→ LISTED ENTRIES
......

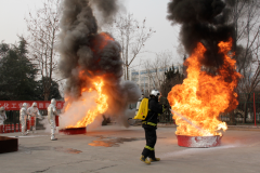 1月10日上午,一场特殊的消防演练在山东省淄博市高新区举行。两盆油桶内倒入了同样量的汽油和柴油,同时点火使其充分燃烧。其中一盆火焰由四具普通灭火器同时灭火,另一盆由一
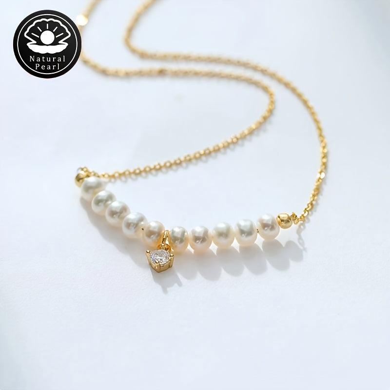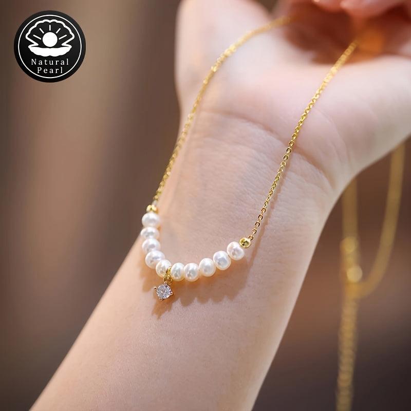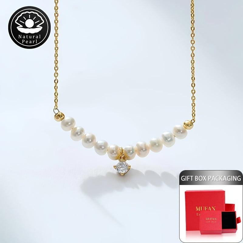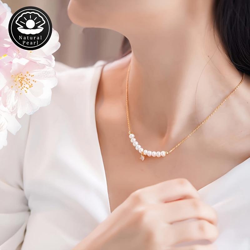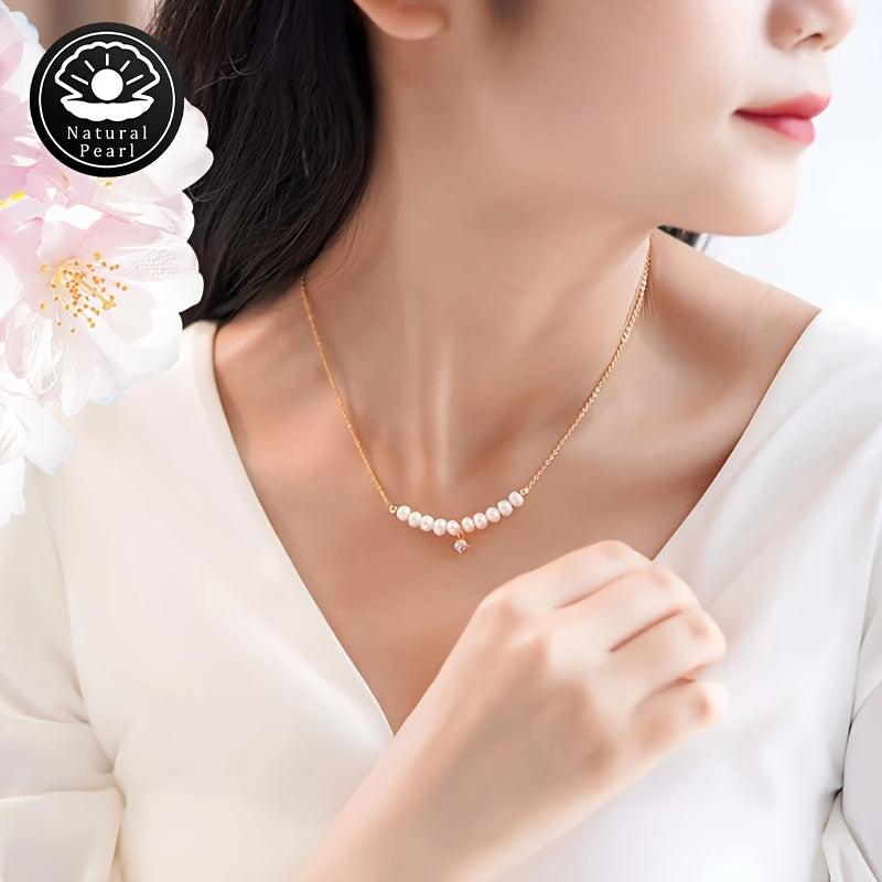 This exquisite pearl necklace features natural freshwater pearls with varying shapes and colors. Each necklace is unique with random patterns and positions.
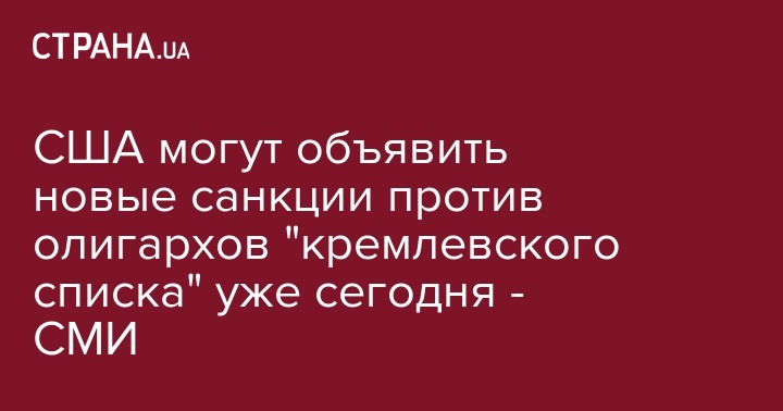 США могут объявить новые санкции против олигархов "кремлевского списка" уже сегодня - СМИ
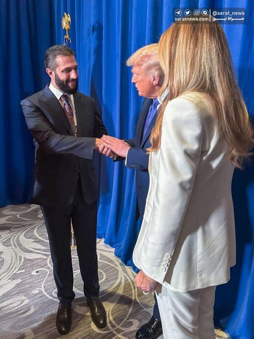 در حاشیه برگزاری هشتادمین نشست مجمع عمومی سازمان ملل متحد در نیویورک، «ابو محمد الجولانی»، رئیسدولت موقت سوریه با دونالد ترامپ، رئیسجمهور آمریکا دیدار کرد. این دیدار با حضور همسر رئیس جمهور آمریکا انجام شد.
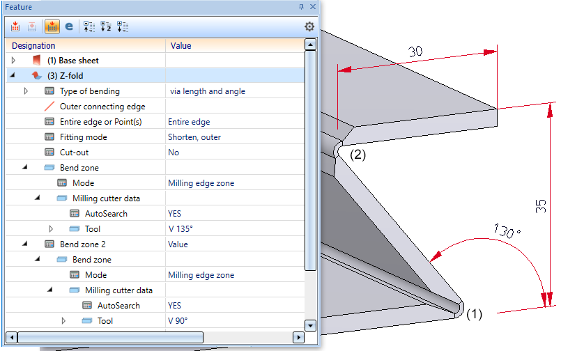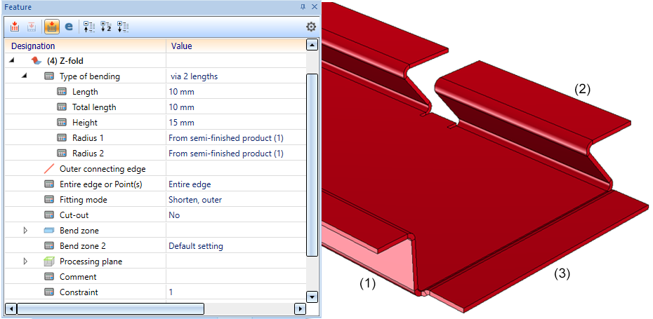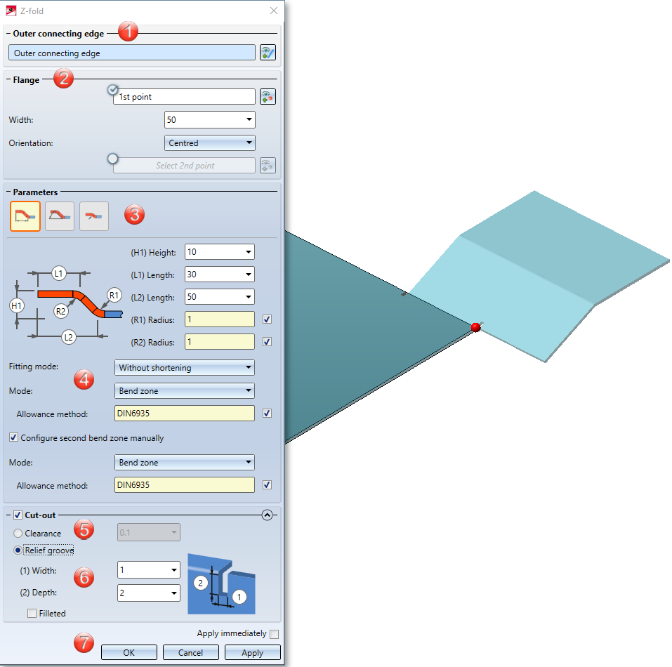 The Z-fold function allows you to attach 2 flanges to a sheet with one single working step. As soon as your inputs are sufficient, a preview of the new flanges will be displayed. That is, if you choose a connecting edge, the possible Z-fold with the standard values will be displayed. If you have activated Width via point(s), the new flanges will only be shown after identifying a point and the width, or 2 points, provided that you have chosen the connecting edge. Furthermore, you will directly seethe change if, for instance, you switch from Shorten, outer to Shorten, inner. If the Apply immediately checkbox has been activated, the Z-fold will be immediately attached if the value inputs are sufficient and make sense, and can then be changed via the Feature log.

......

→ AIM OF THE TASK
Pictures are to be left out. Otherwise, copy the material above exactly.

→ YOUR SOLUTION
 1月10日上午,一场特殊的消防演练在山东省淄博市高新区举行。两盆油桶内倒入了同样量的汽油和柴油,同时点火使其充分燃烧。其中一盆火焰由四具普通灭火器同时灭火,另一盆由一
 This exquisite pearl necklace features natural freshwater pearls with varying shapes and colors. Each necklace is unique with random patterns and positions.
 США могут объявить новые санкции против олигархов "кремлевского списка" уже сегодня - СМИ
 در حاشیه برگزاری هشتادمین نشست مجمع عمومی سازمان ملل متحد در نیویورک، «ابو محمد الجولانی»، رئیسدولت موقت سوریه با دونالد ترامپ، رئیسجمهور آمریکا دیدار کرد. این دیدار با حضور همسر رئیس جمهور آمریکا انجام شد.
 The Z-fold function allows you to attach 2 flanges to a sheet with one single working step. As soon as your inputs are sufficient, a preview of the new flanges will be displayed. That is, if you choose a connecting edge, the possible Z-fold with the standard values will be displayed. If you have activated Width via point(s), the new flanges will only be shown after identifying a point and the width, or 2 points, provided that you have chosen the connecting edge. Furthermore, you will directly seethe change if, for instance, you switch from Shorten, outer to Shorten, inner. If the Apply immediately checkbox has been activated, the Z-fold will be immediately attached if the value inputs are sufficient and make sense, and can then be changed via the Feature log.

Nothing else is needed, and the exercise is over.